X-Message-Number: 16520
Date: Tue, 12 Jun 2001 12:08:26 -0400 (EDT)
From: Charles Platt <>
Subject: Swayze and Uninsurability

The case of Mr. Swayze is very difficult, I think, because there is such a
degree of hardship and it rouses so much empathy. If someone with AIDS
came to us and said, "I am desperate to be cryopreserved, but I am
uninsurable," a cryonics organization might respond, "We're really sorry,
but you should have made your cryonics arrangements before you engaged in
risky sexual activity. We cannot start giving our services away, because
it weakens the organization, which exists to protect people who were
provident and did make advance arrangements."

But quadriplegia is such a frightening condition, which we can easily
imagine happening to us (in a car crash, for instance); whereas AIDS,
despite efforts of activists to enlighten everyone, is still perceived as
something that happens to "other people." This is no longer correct, but
still, that seems to be the public perception.

Consequently it seems to me there is a powerful emotional component at
work here. You would not find this in a conventional business (such as
insurance). The business would simply say "No way!" and leave it at that.

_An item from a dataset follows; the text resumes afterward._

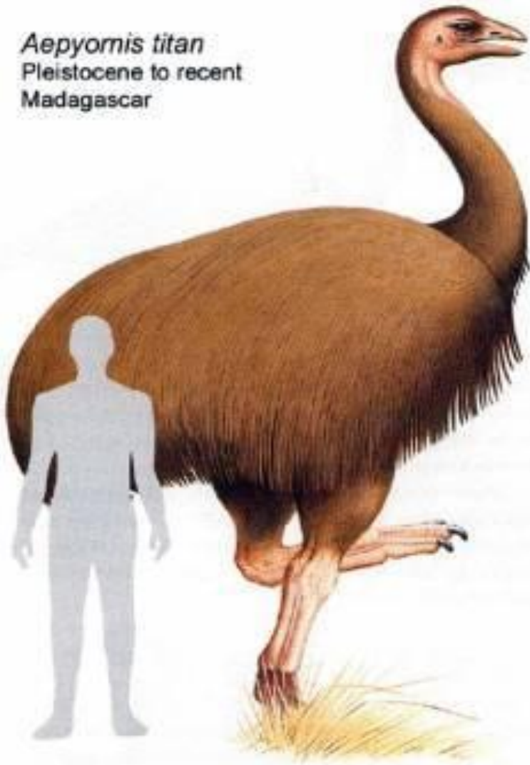
Aepyornis titan Pleistocene to recent Madagascar

. Наибольшая по размерам птица в мире – страус, который имеет рост от 2 м. Они очень быстро бегают и развивают скорость до 60 км/ч.
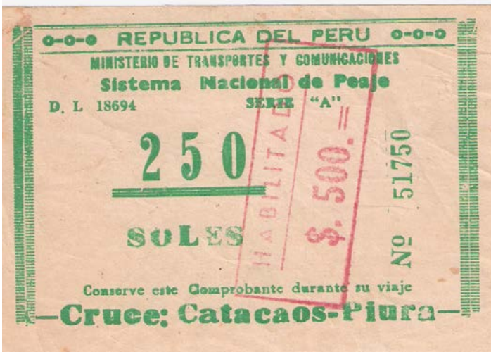
Peaje de ruta en Perú, 1983.

This leads me again to the fact that cryonics is not run like a business.
We really need to be clear about what we're doing. If we are guided partly
by compassion, organizational guidelines should be revised to reflect
this, so that there is an existing set of principles to apply to "charity
cases," and all members of an organization are fully informed. If our sole
concern is fiscal integrity, we need to learn how to say no without
feeling guilty.

When I was given the task of picking a winner for the "Omni Immortality
Contest" (which was offering free membership and free cryopreservation), I
received three essays from people who were dying and were uninsurable, and
one especially moving essay from a man whose wife was dying, and he wanted
to donate his "free cryopreservation" to her. This put me in a position
which troubled me for months afterward. My job was to pick the "best"
essay. But if I ignored people's suffering, what did that make me? I tried
to reassure myself by reminding myself that cryonics offers only a chance
at future life, not a guarantee.

In the end I picked an essay written by a person who had been in a severe
car accident, leaving him scarred and in constant pain. He was hoping that
in the future, his pain could be eradicated with a new body. Thus, I tried
to salvage my conscience by choosing someone who was in genuine need.

And what happened? He procrastinated for more than a year, about signing
up, even though everything was free. And after he became an Alcor
member--he disappeared! No forwarding address. Evidently in his case, we
couldn't even give cryonics away.

These are just some of the complexities and paradoxes to which we open
ourselves, when we start making decisions on the basis of emotional
factors as well as business factors.